Source : The Business Times, August 21, 2008
IN OVERNIGHT trading, the US dollar gave back a small portion of the strong gains it had chalked up over the past month, rattled a bit by the combination of a stronger - than - expected number out of the Eurozone, and the weaker US housing numbers released on Tuesday evening.
Combined with persistent reminders about the fragile state of US financial-sector health, these punished Wall Street and helped gold to rebound smartly through US$800 per ounce, and oil prices to recover in excess of US$2 per barrel.
Given that some of the week's more important data releases were crammed into Tuesday trading, players suggested that this might have provided some added incentive for a little profit-taking on overbought US dollar positions in overnight trading - especially when the breaking news worked against the latter's favour.

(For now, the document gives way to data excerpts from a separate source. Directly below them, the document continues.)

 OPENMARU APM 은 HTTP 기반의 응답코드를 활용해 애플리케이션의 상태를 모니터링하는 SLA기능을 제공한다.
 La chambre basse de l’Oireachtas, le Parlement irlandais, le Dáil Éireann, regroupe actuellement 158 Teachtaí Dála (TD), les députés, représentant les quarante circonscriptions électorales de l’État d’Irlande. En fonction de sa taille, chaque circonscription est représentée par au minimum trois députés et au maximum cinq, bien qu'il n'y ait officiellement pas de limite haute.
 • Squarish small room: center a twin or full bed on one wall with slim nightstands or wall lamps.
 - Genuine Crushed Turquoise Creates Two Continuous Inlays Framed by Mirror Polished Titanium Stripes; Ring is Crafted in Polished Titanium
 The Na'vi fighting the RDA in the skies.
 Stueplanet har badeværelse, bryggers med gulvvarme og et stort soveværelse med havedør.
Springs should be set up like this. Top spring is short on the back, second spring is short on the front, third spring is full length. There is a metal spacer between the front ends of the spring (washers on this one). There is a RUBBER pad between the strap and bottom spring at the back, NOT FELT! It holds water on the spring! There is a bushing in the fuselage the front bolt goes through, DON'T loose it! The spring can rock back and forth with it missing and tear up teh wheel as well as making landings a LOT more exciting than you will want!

Out of the Eurozone, for example, a closely watched August ZEW index of economic expectations for Germany showed a chunky improvement to -55.5, compared with July's -63.9 reading and forecasts for a softer outcome of between -60 and -64.

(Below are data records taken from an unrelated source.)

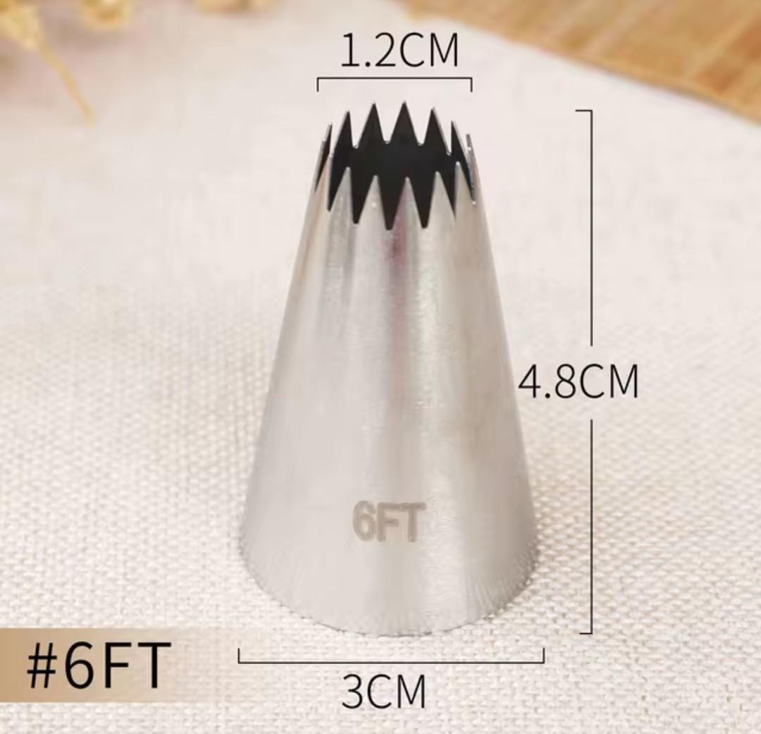 🍥 Boquilla de acero inoxidable 6FT, ideal para crear decoraciones definidas y voluminosas en tortas, cupcakes y postres.
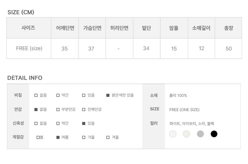 | 제품 측정 방법에 따라 1~3cm 오차가 발생할 수 있으며, 사이즈는 단면으로 측정됩니다 | ||||||
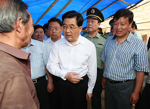 5月31日,中共中央總書記、國家主席、中央軍委主席胡錦濤前往陜西地震重災區漢中市,察看災情,指導抗震救災工作。這是胡錦濤在寧強縣廣坪鎮金山寺村同受災群眾親切交談。 新華社記者鞠鵬攝
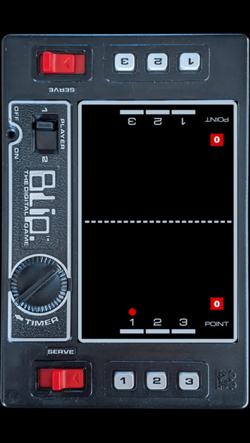 Blip™ was a portable Pong-style game made in 1977 - the year handheld video games were just catching on. Although it was branded "The Digital Game", the action was purely mechanical, powered by a wind-up timer.
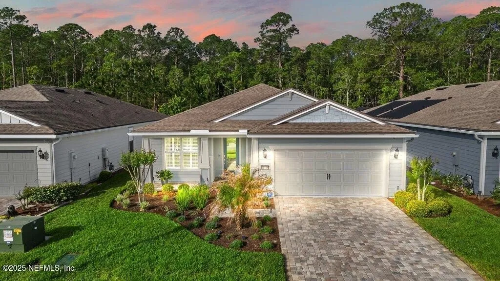 Welcome to your dream home in the highly sought-after Del Webb eTown, Jacksonville's premier 55+ gated community offering resort-style amenities and a vibrant, active lifestyle. This stunning, meticulously built and designed 3-bedroom, 2-bath home features a dedicated office with elegant double doors and built-ins. Perfect for remote work, additional living space or guest room. Enjoy peace of mind with an automatic whole-house Generac generator, whole-house surge protector, and security system all thoughtfully integrated for comfort and security. Step into the gourmet kitchen outfitted with quartz countertops, stainless steel appliances, roll-out drawers, soft-close cabinets, and an oversized walk-in pantry. The open layout is ideal for entertaining. A full Reverse Osmosis & Water Softener system, ceiling fans throughout, and beautiful plantation shutters for added charm. An additional custom indoor sunroom featuring oversized floor-to-ceiling Pella picture windows and a 3-point high-security back door offers stunning, uninterrupted views of the preserve that spans the entire rear of the home. Retreat to your private backyard oasis, backing to a serene preserve view. Whether you're relaxing by the Ebel propane fire pit, listening to the tranquil patio fountain, or enjoying the birdcage-enclosed lanai, this outdoor space is designed to impress. The fenced yard, solar lighting, WiFi-controlled irrigation system, full-home gutters, and floodlights enhance both functionality and low-maintenance living. This true split-bedroom layout offers two guest rooms sharing a stylish full bath with a quartz vanity and walk-in tiled shower. The indoor laundry includes a utility sink, custom cabinetry, and extra storage. The primary suite overlooks the preserve and features double sinks, a walk-in shower with a seat, and a large walk-in closet, designed for both comfort and convenience. Additional Upgrades include: HVAC Air Purification system, Insulated garage with epoxy floors, overhead lighting, pull-down attic stairs, dedicated GFI circuit, and extra attic storage. Set up your showing today!
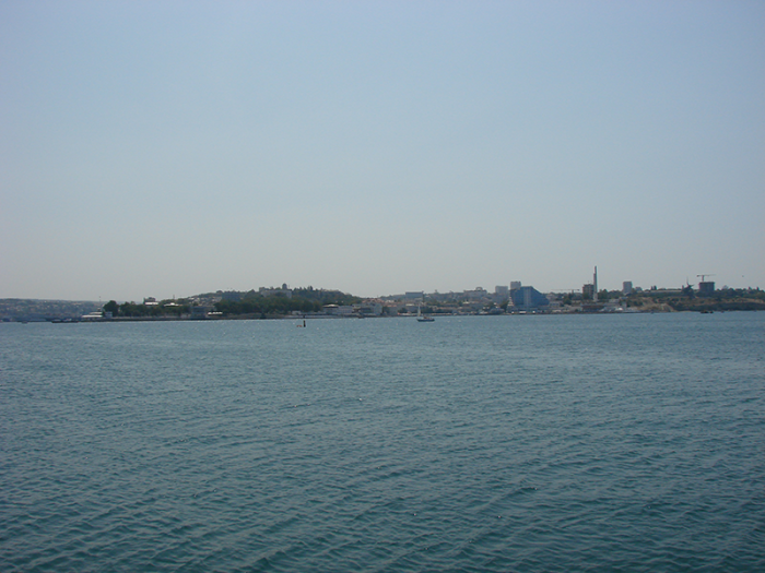Ночь застала под Ростовом, плюнул на сон, все равно ничего приличного у дороги не было, искать неохота, а тут уж и до Таганрога всего ничего. Ну, а за ним и граница. Подъехали к КПП в 4 утра. Часа через четыре прошли, где-то в пол-девятого. Сначала хотели искать где поспать, потом вокруг посмотрели, а у моря в кустах кучи таких же типа нас стоят, спят. Да еще и ДАИшники местные сказали, что до ближайшей гостиницы километров 100. В общем, часа три-четыре в кустах у моря поспали, больше не смогли — жуткая жара разбудила. Двинули дальше. После обеда, все же совсем жарко стало — решили искупаться, тем более, что в Азовском море еще не купались. Заехали в Геническ, там коса. Как мне показалось, это рай для мам с детьми. Их там просто толпы. Жилья сдается невероятное количество. Прямо на косе на пляжах можно арендовать и палатку, и домик из фанеры, и спальный мешок, можно и в машине спать, или вообще под открытым небом. Причем, многие так и делали, натянув тент под наклоном от машины к земле. В общем, на любой вкус и кошелек. Пляж — ракушечник. Море очень мелкое — метров 200-300 шел, так только по грудь, так и искупался, а вот 9-и летнему сыну понравилось, но вот вода не очень — не прозрачная, зеленая и не очень соленая.

Out of the US, by stark contrast, the numbers for July housing starts and building permit readings both showed good-sized slippage from their respective June readings, fuelling concerns about more large US financial-sector provisions down the road.
At least partly in response to that, gold finished the day almost 2 per cent stronger higher from Tuesday's Asian close at US$809 per ounce. Notable victims of the US dollar's recent resurgence such as the euro, Australian dollar and New Zealand dollar rode gold's bounce to finish up to 0.3 per cent better - at US$1.4713, 86.90 US cents and 71.08 US cents respectively.
Sentiment, however, continued to be rough on the Indian sub-continent, with Nymex light crude revisiting the US$115 per barrel mark yesterday. Despite the mild slippage recorded elsewhere, the greenback was able to score a fresh 17-month high of 43.86 rupees yesterday.
Indeed, players report that it might have risen even more sharply if not for widespread talk of possible intervention sales by the agent banks of the Reserve Bank of India. JP Morgan researchers, for example, project that the US dollar will end 2008 back up towards the 45-rupee level. 'The rupee weakened at a brisk pace in the past week owing to broad-based US dollar strength, elevated purchases from oil marketing companies and renewed withdrawal of funds from foreign investors,' they explained yesterday.
By the Asian close, the US dollar had recorded gains of up to half a per cent each versus the rupee as well as another notoriously oil price-sensitive currency, the Philippine peso, at 43.77 rupees and 45.68 pesos respectively.
Elsewhere in the region, the greenback also closed 0.2 per cent better at 110.2 Japanese yen, but slipped between 0.2 and 0.3 per cent to finish at 9,160 Indonesian rupiah, 3.3345 Malaysian ringgit and 6.8552 Chinese yuan. At the same time, it ended about unchanged at S$1.4160, 1,049 Korean won and NT$31.39.